The law says, you die because of this, and that, and this.
God sends Jesus to die on your behalf.
You believe, and suddenly, the law is playing second fiddle to grace.
That’s the beauty of John 3:16-17. But don’t miss the context.
Jesus says this to a man who comes seeking because he’s braver than his friends, because he knows Jesus is onto something, because he wants to have what Jesus does. Nicodemus comes searching for something and Jesus offers him salvation.
I don’t know where you are in your process. Are you passed worrying about what others think? Are you still struggling with the expectations of the legalistic roots of our Protestant faith? Are you fully engaged in Bible study and exploring the Scripture so that you can better understand the good news Jesus shared with Nicodemus?

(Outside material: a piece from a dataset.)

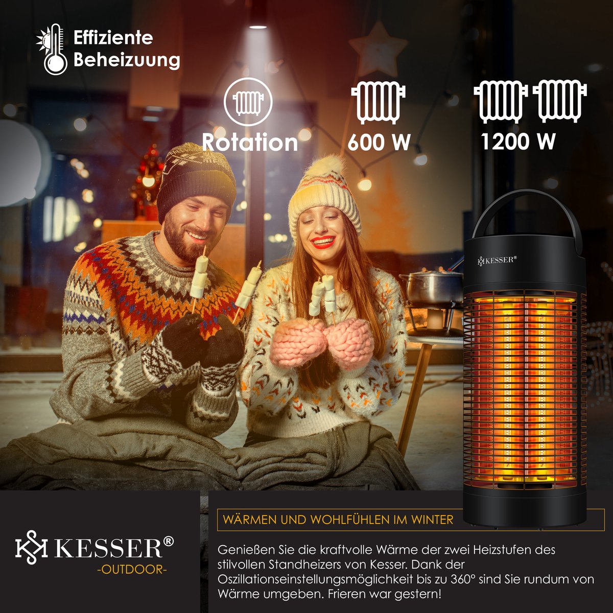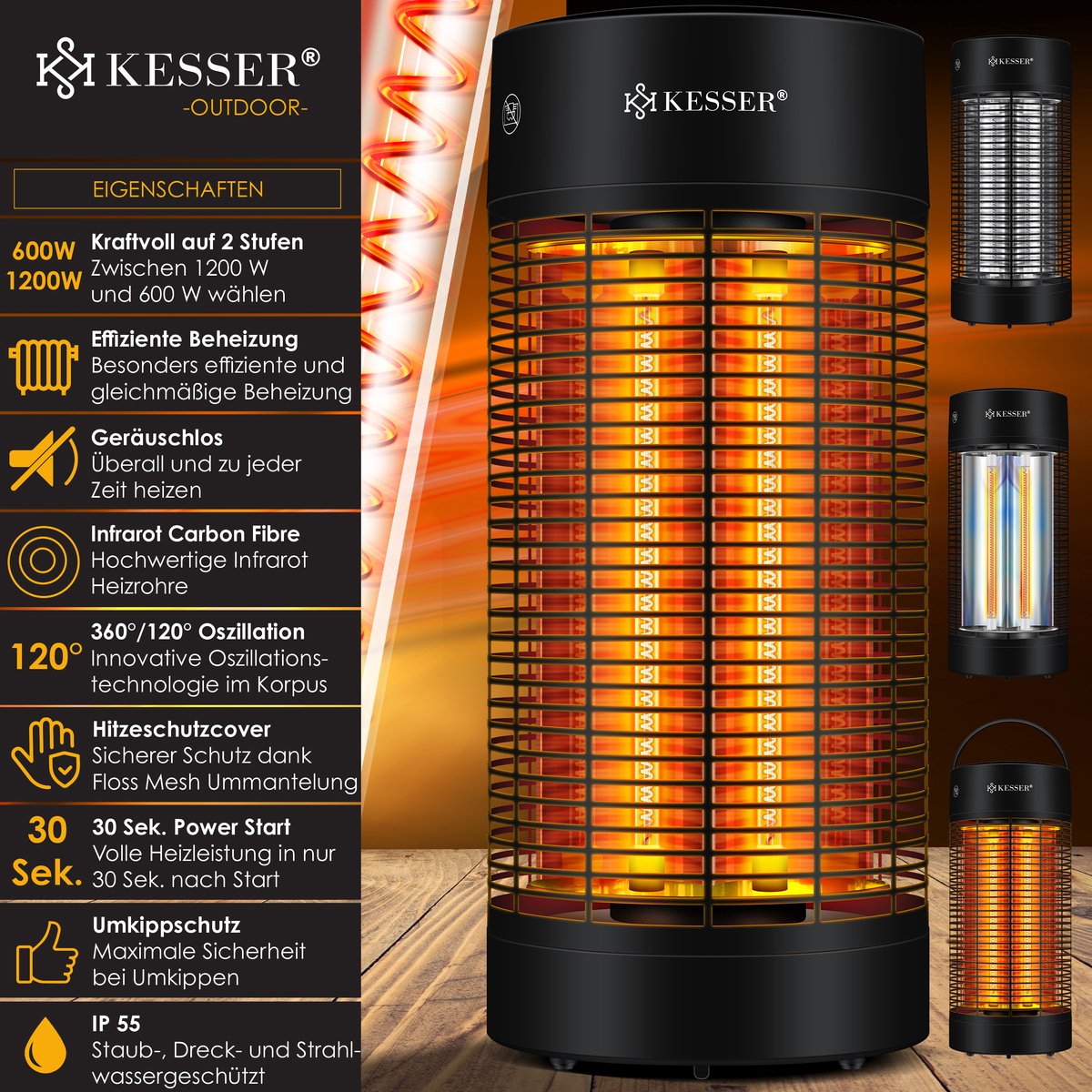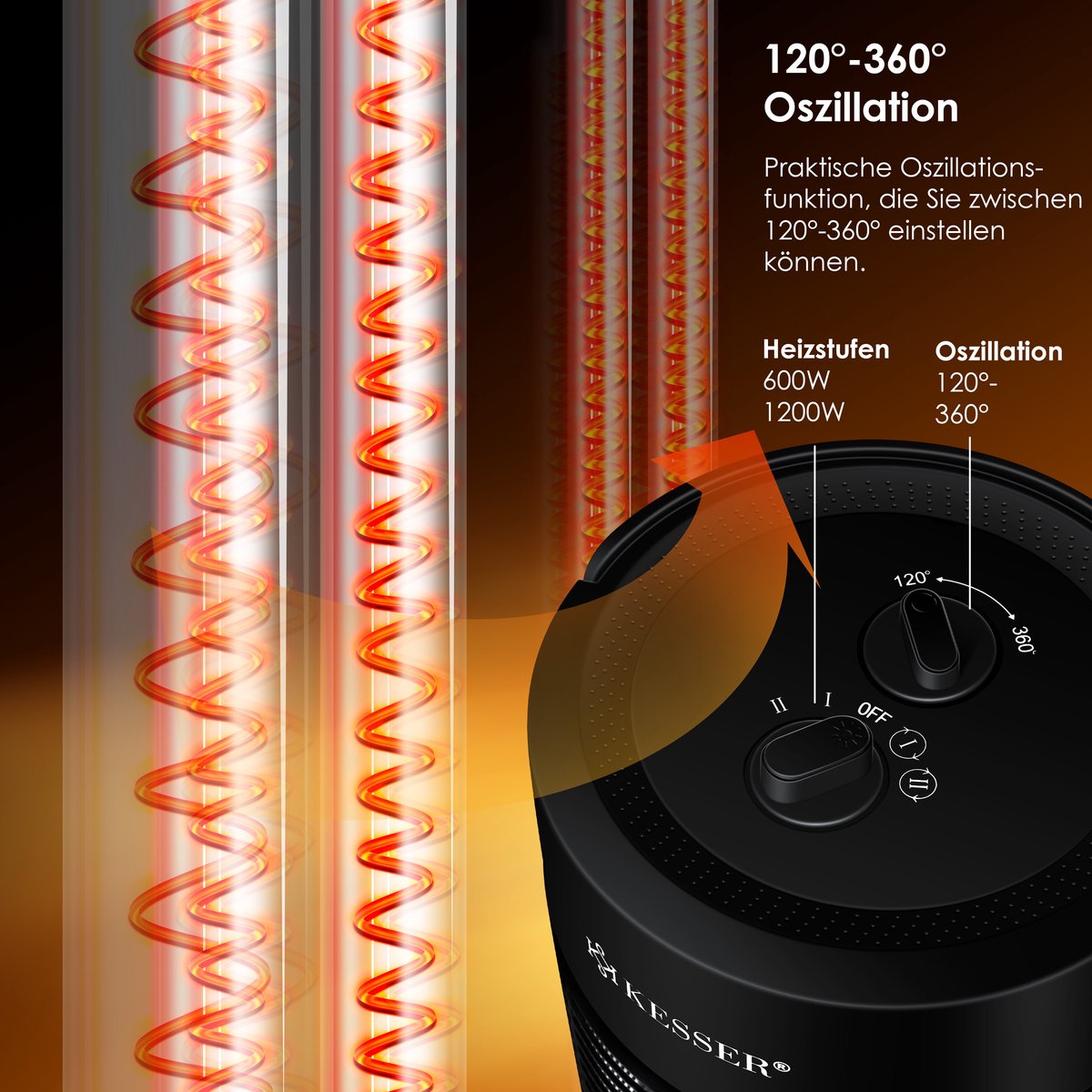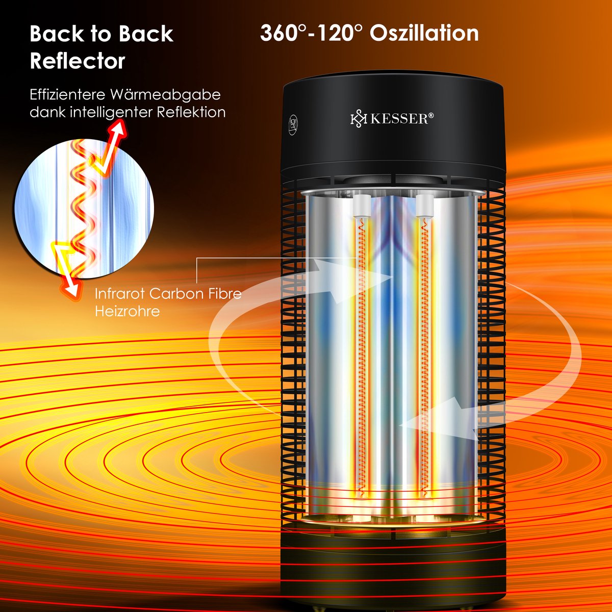 KESSER vloerverwarmer met twee krachtige standen voor efficiënte en gelijkmatige verwarming dankzij hoogwaardige infraroodverwarmingsbuizen, 120°-360° oscillatie en geruisloos, hittebeschermingshoes, volledig verwarmingsvermogen in slechts 30 seconden, kantelbeveiliging en IP 55-bescherming.

Today, I encourage you to repent. To turn from the things that hold you back and lay claim to the salvation that Jesus offers you. Salvation from your sins, from yourself, from the dangerous “this is the one way to do it” theology of our churches.
John Wesley wrote this covenant renewal, and I leave it with you to consider:
I am no longer my own, but yours
Put me to what you will, rank me with whom you will,
Put me to doing, put me to suffering.
Let me be employed by you or laid aside by you,
Exalted for you or brought low for you.
Let me be full, let me be empty.
Let me have all things, let me have nothing.
I freely and heartily yield all things to your pleasure and disposal.
And now, oh glorious and blessed God,
Father, Son, and Holy Spirit,
You are mine, and I am yours. So be it.
And the covenant which we have made on earth,
let it be ratified in heaven. Amen.
This sermon is for January 5 at 11 a.m. at Blandford United Methodist Church.